What needs to be done — Copy exactly the lines of the records below, starting at the line that contains "装修建议:壁挂式马桶需要提前" and continuing through the last line, both included; omit any pictures.

Records from a dataset
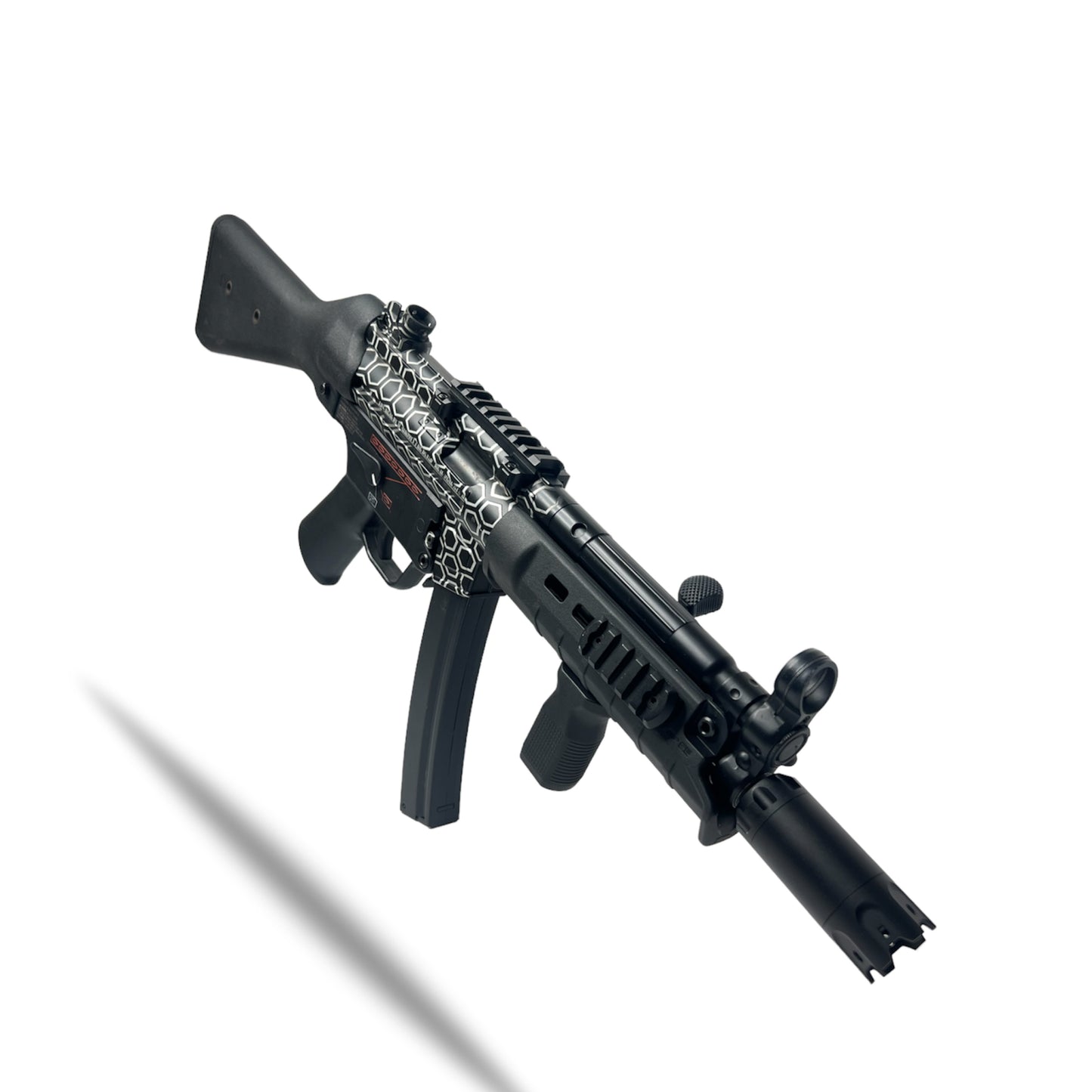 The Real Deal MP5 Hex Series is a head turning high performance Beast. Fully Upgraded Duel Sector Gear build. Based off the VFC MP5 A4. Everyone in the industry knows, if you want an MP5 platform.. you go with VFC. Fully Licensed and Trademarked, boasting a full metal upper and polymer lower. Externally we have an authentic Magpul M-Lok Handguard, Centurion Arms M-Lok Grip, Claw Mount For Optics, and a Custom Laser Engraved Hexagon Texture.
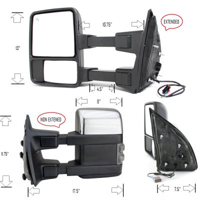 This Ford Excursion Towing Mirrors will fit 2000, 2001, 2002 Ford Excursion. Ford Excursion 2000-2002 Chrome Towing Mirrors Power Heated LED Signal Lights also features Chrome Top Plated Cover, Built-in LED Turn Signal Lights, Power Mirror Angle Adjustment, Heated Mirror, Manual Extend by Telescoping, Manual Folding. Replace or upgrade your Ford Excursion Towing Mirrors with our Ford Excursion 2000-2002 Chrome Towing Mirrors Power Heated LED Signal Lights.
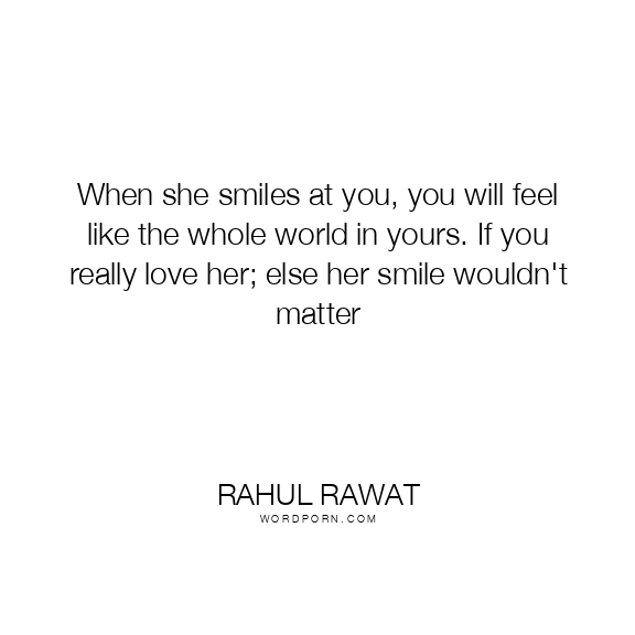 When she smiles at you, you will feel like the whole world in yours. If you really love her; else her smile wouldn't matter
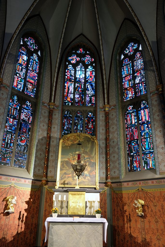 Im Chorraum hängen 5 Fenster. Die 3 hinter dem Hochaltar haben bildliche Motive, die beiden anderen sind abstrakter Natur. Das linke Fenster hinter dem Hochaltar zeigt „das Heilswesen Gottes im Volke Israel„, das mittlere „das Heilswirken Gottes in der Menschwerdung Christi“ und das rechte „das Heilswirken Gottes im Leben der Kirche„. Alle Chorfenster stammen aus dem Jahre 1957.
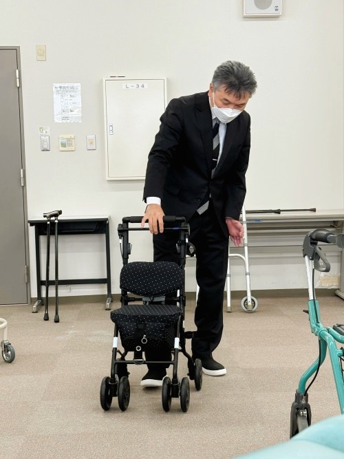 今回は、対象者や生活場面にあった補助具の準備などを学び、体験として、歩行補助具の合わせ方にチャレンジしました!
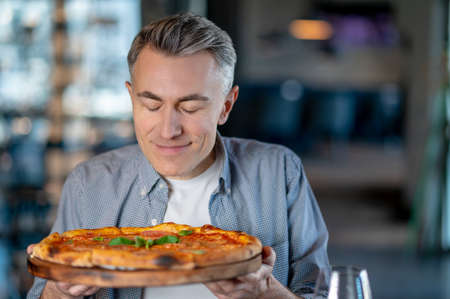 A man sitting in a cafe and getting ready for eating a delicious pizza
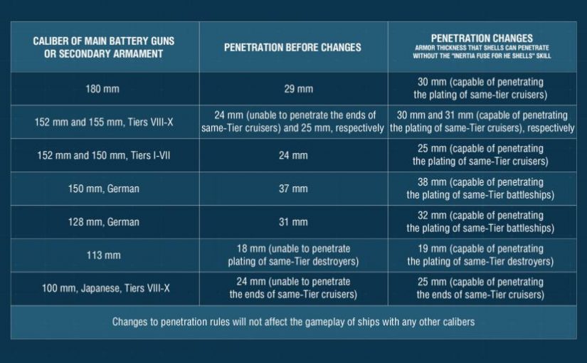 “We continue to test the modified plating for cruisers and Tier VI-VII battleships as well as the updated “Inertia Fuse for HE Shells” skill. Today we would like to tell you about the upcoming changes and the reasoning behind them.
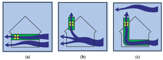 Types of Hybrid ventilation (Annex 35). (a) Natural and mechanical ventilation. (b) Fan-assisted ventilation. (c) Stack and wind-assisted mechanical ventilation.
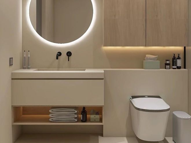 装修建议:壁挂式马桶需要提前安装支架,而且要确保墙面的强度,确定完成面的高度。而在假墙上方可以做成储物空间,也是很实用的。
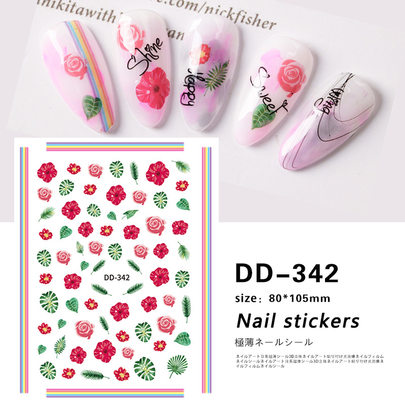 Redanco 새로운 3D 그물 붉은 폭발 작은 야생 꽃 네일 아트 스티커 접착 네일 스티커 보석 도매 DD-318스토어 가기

Answer to this problem —
 装修建议:壁挂式马桶需要提前安装支架,而且要确保墙面的强度,确定完成面的高度。而在假墙上方可以做成储物空间,也是很实用的。
 Redanco 새로운 3D 그물 붉은 폭발 작은 야생 꽃 네일 아트 스티커 접착 네일 스티커 보석 도매 DD-318스토어 가기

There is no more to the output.